● **Extracted records**:
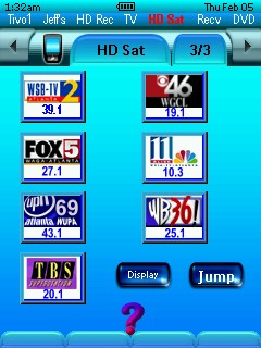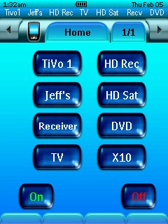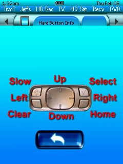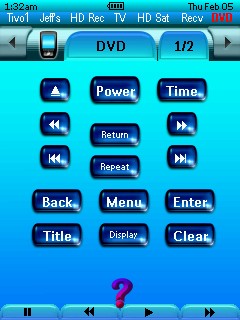 This is my first Pronto configuration. My goal was to replace my MX-1000 with the TSU7000, and add a few things that I could not do on the MX-1000. I set out to create a 100% original art work configuration. I created the buttons using Crystal Buttons, followed up with enhancements using PhotoImpact. I also tinted the system bitmaps blue by replacing the bitmaps in the PCF file, and created pressed bitmaps of all buttons to look like they are lighting up when they are pressed. I created a device bar for my major devices. This can be clicked to jump directly to a device although you have to use your fingernail since it so small. I also created an information screen for the device hard buttons.
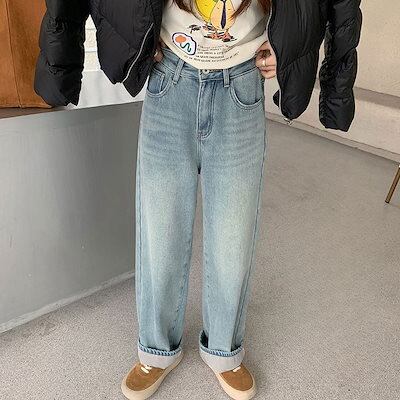 秋 冬 新作 裏起毛 デニムパンツ ロングパンツ レディース ワイドパンツ 裏起毛パンツ 体型カバー 着痩せ ゆったり 韓国ファッション
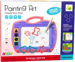 L'ensemble comprend quatre tampons différents et quatre pochoirs pour tracer, qui soutiennent le développement de la créativité et permettent de faire facilement les premiers pas dans le dessin. Le champ magnétique coloré attire l'attention de l'enfant et les dimensions compactes avec une poignée pratique permettent de transporter facilement le tableau partout - en promenade, en voiture ou en voyage.
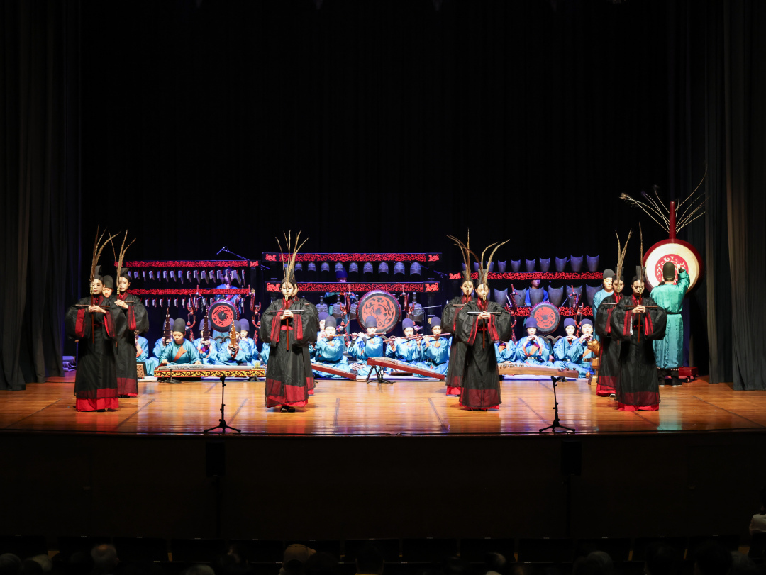 在香港站的演出中,玉振金声雅乐团运用编钟、句鑃、建鼓等中国古代乐器,融合礼、乐、舞,呈现了《朝乐-文舞》《秋夜读易》《大濩》《建鼓迎宾》《楚商》《剑器浑脱》《望月婆罗门》《盈袖暗香来》《龙腾虎跃》九个精彩节目。此外,雅乐团总指导叶佳颖博士亲自登台进行导聆。通过生动细致的讲解,观众不仅能领略乐声之美,更能理解乐曲背后的文化气韵,使古老音乐更亲切地走入大家心中。
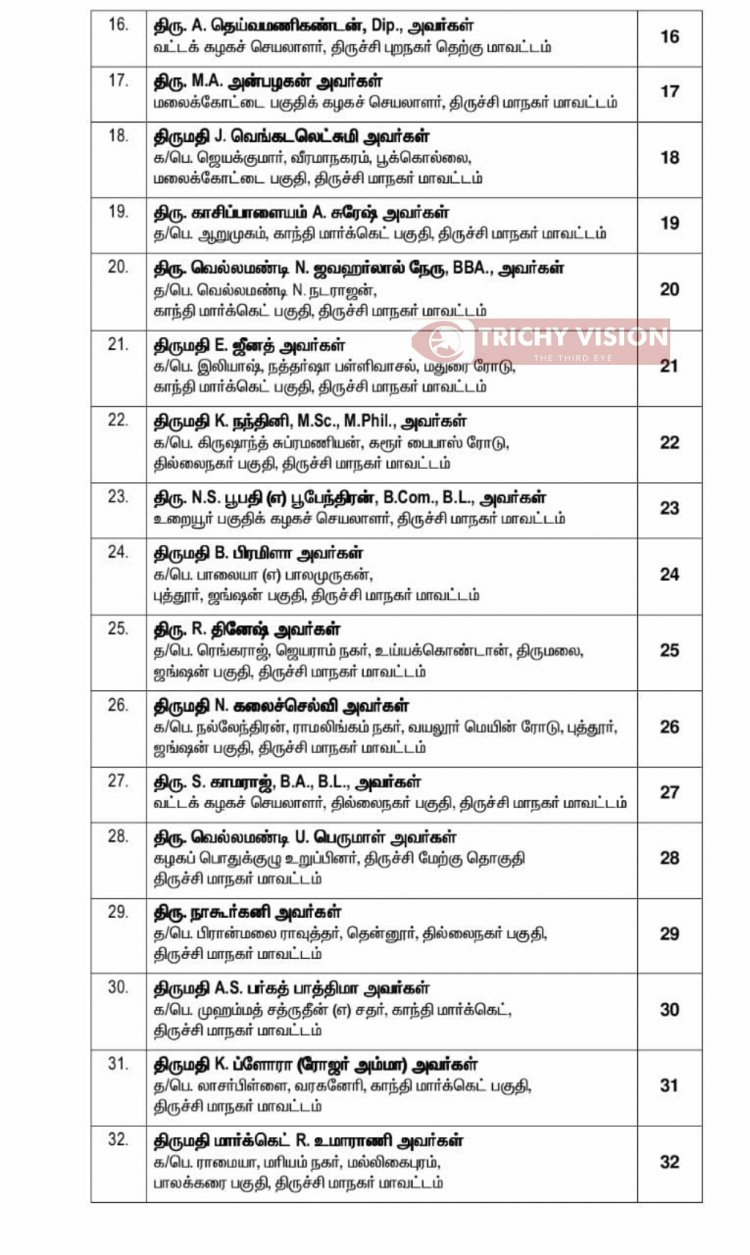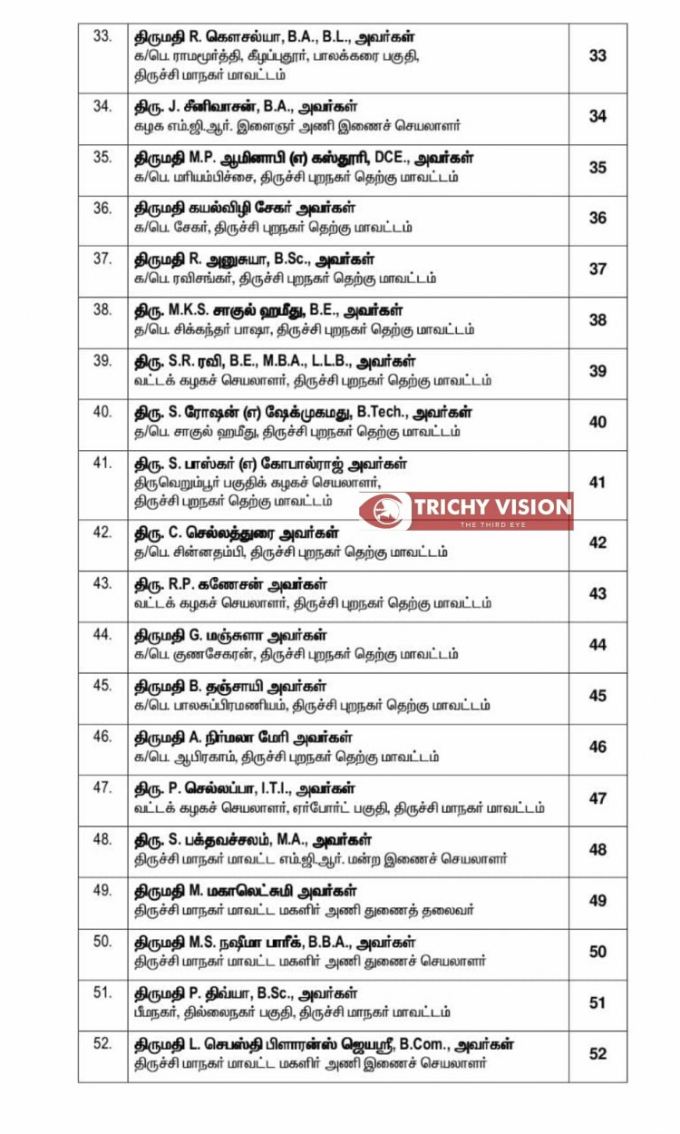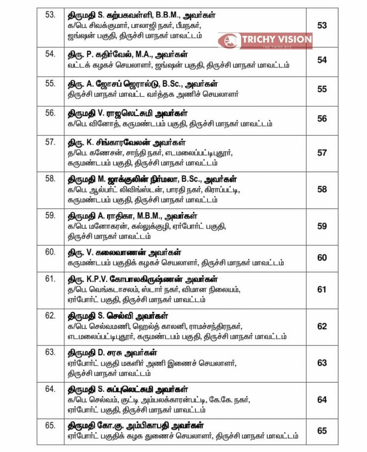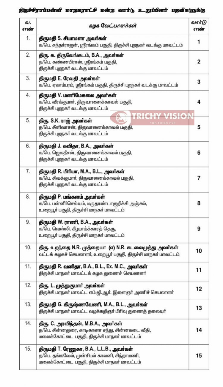 திருச்சி மாநகராட்சி 65 வார்டுகளில் போட்டியிடும் அதிமுக வேட்பாளர் பட்டியல்
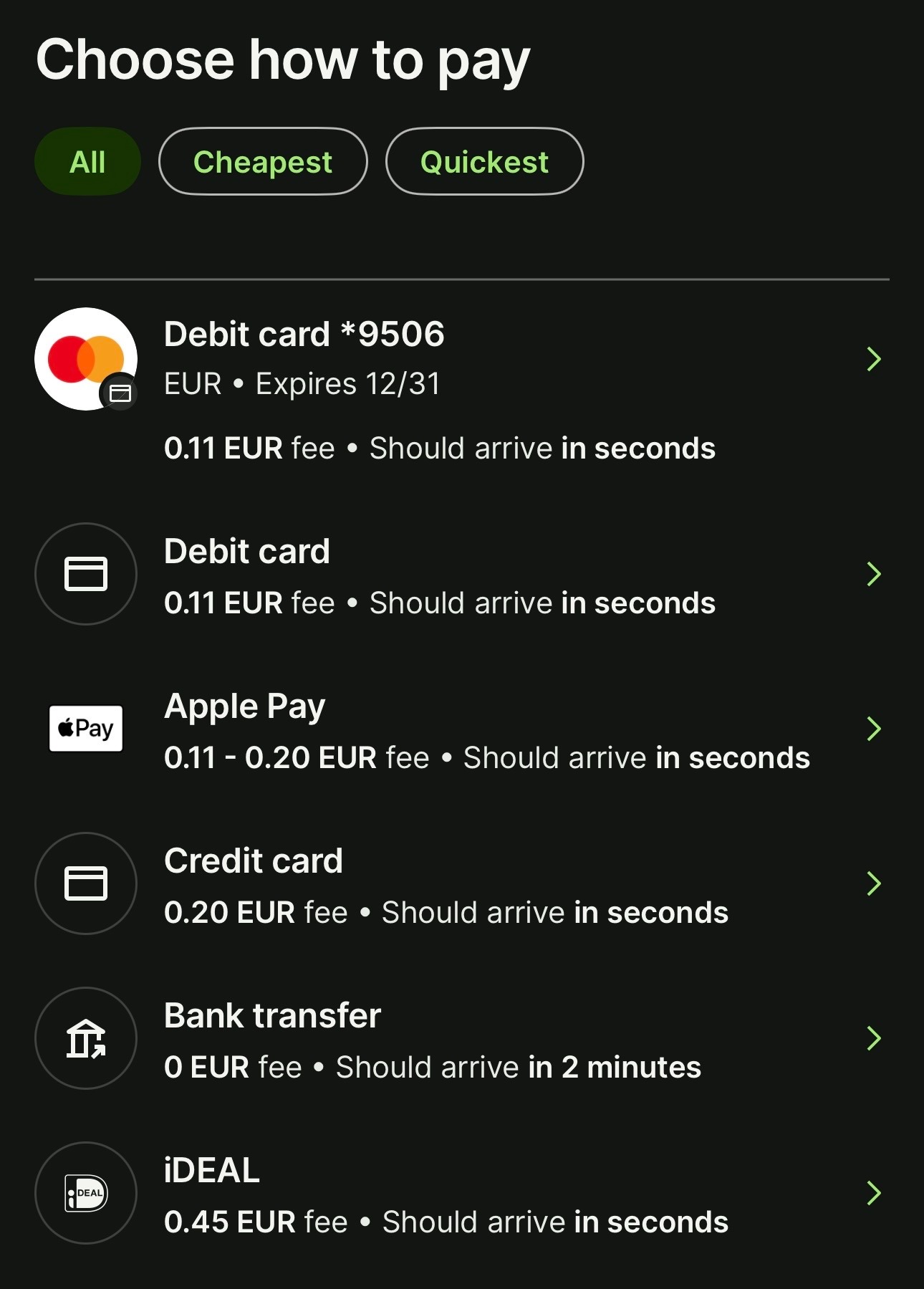 These are the “Cheaper ways to pay” options for my current transaction. These prices will vary depending on your total amount. And even if you don’t see the “Cheaper ways to pay” option, it usually means you are getting the best deal in that moment.
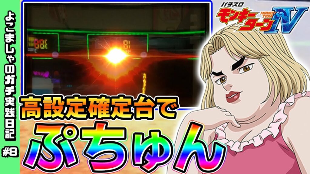 Write an article about 【モンキーターン4】高設定でまさかのプチュン発生!?6号機の救世主を打った結果 よこましゃのガチ実践日記 #8 in 400 characters Japanese
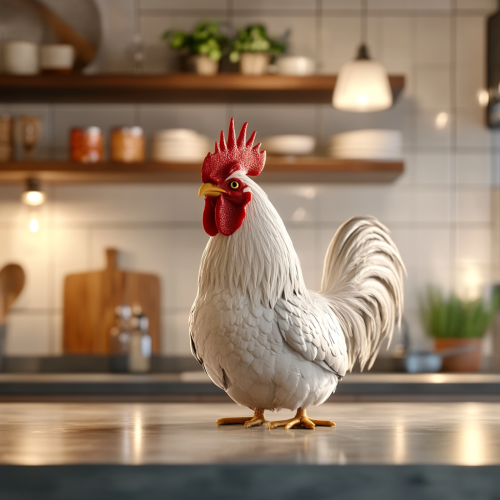 The image will feature a cartoon-style rooster with a prominent comb, set against a clean and simple kitchen island background. The three health benefits will be incorporated as blank spaces for easy editing.
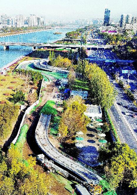 11月4日,在太原汾河景區南內環橋至迎澤橋高架騎行段,施工人員正在緊張吊裝和焊接鋼結構橋面。太原濱河自行車專用道工程北起柴村橋,南至迎賓橋以南2公里,分為河東、河西兩部分,寬為5米,雙向通行。這條景區內自行車專用道建設的全力推進,為推進綠色低碳出行方式,有效緩解市區交通壓力起到積極的作用。
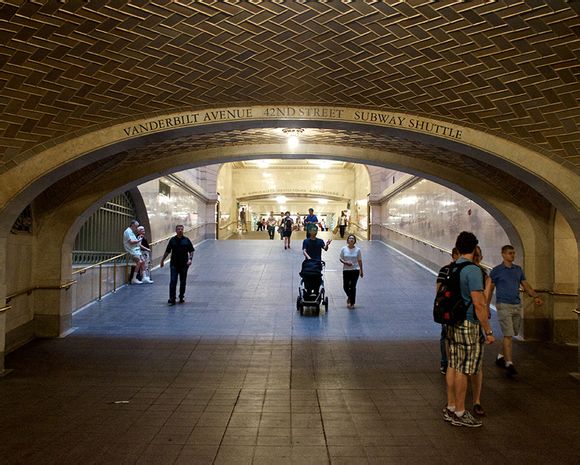 Grand Central Terminal is a structure of innovation. At 100 years old, we tend to forget how forward thinking the building is. One of those innovations used daily by commuters and tourists alike are the terminal's many ramps. Without stepping upon a single stair you can go from several stories underground to street level in a matter of moments. The ramps that traverse the terminal not only provide an easy mode of egress, but also aid in managing the monumental scale of the building. A space of this size could very easily dwarf its inhabitants, making them feel overpowered and small, minimizing their importance in such a grand space. The ramps mitigate that feeling and provide the ability to navigate Grand Central Terminal with ease.
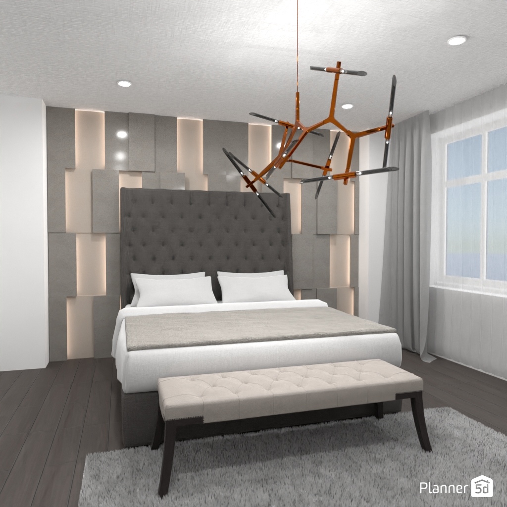 Pick two contrasting colors and use them to design the interior of a bedroom.
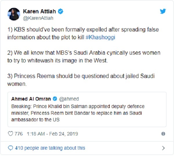 وقالت عطية: "كان يجب طرد خالد بن سلمان بشكل رسمي، بعد نشره معلومات خاطئة أدت لمقتل خاشقجي".

● **AIM OF THE EXERCISE**: Omit the pictures and restate the rest of the records verbatim.

● **SOLUTION BELOW**:
 This is my first Pronto configuration. My goal was to replace my MX-1000 with the TSU7000, and add a few things that I could not do on the MX-1000. I set out to create a 100% original art work configuration. I created the buttons using Crystal Buttons, followed up with enhancements using PhotoImpact. I also tinted the system bitmaps blue by replacing the bitmaps in the PCF file, and created pressed bitmaps of all buttons to look like they are lighting up when they are pressed. I created a device bar for my major devices. This can be clicked to jump directly to a device although you have to use your fingernail since it so small. I also created an information screen for the device hard buttons.
 秋 冬 新作 裏起毛 デニムパンツ ロングパンツ レディース ワイドパンツ 裏起毛パンツ 体型カバー 着痩せ ゆったり 韓国ファッション
 L'ensemble comprend quatre tampons différents et quatre pochoirs pour tracer, qui soutiennent le développement de la créativité et permettent de faire facilement les premiers pas dans le dessin. Le champ magnétique coloré attire l'attention de l'enfant et les dimensions compactes avec une poignée pratique permettent de transporter facilement le tableau partout - en promenade, en voiture ou en voyage.
 在香港站的演出中,玉振金声雅乐团运用编钟、句鑃、建鼓等中国古代乐器,融合礼、乐、舞,呈现了《朝乐-文舞》《秋夜读易》《大濩》《建鼓迎宾》《楚商》《剑器浑脱》《望月婆罗门》《盈袖暗香来》《龙腾虎跃》九个精彩节目。此外,雅乐团总指导叶佳颖博士亲自登台进行导聆。通过生动细致的讲解,观众不仅能领略乐声之美,更能理解乐曲背后的文化气韵,使古老音乐更亲切地走入大家心中。
 திருச்சி மாநகராட்சி 65 வார்டுகளில் போட்டியிடும் அதிமுக வேட்பாளர் பட்டியல்
 These are the “Cheaper ways to pay” options for my current transaction. These prices will vary depending on your total amount. And even if you don’t see the “Cheaper ways to pay” option, it usually means you are getting the best deal in that moment.
 Write an article about 【モンキーターン4】高設定でまさかのプチュン発生!?6号機の救世主を打った結果 よこましゃのガチ実践日記 #8 in 400 characters Japanese
 The image will feature a cartoon-style rooster with a prominent comb, set against a clean and simple kitchen island background. The three health benefits will be incorporated as blank spaces for easy editing.
 11月4日,在太原汾河景區南內環橋至迎澤橋高架騎行段,施工人員正在緊張吊裝和焊接鋼結構橋面。太原濱河自行車專用道工程北起柴村橋,南至迎賓橋以南2公里,分為河東、河西兩部分,寬為5米,雙向通行。這條景區內自行車專用道建設的全力推進,為推進綠色低碳出行方式,有效緩解市區交通壓力起到積極的作用。
 Grand Central Terminal is a structure of innovation. At 100 years old, we tend to forget how forward thinking the building is. One of those innovations used daily by commuters and tourists alike are the terminal's many ramps. Without stepping upon a single stair you can go from several stories underground to street level in a matter of moments. The ramps that traverse the terminal not only provide an easy mode of egress, but also aid in managing the monumental scale of the building. A space of this size could very easily dwarf its inhabitants, making them feel overpowered and small, minimizing their importance in such a grand space. The ramps mitigate that feeling and provide the ability to navigate Grand Central Terminal with ease.
 Pick two contrasting colors and use them to design the interior of a bedroom.
 وقالت عطية: "كان يجب طرد خالد بن سلمان بشكل رسمي، بعد نشره معلومات خاطئة أدت لمقتل خاشقجي".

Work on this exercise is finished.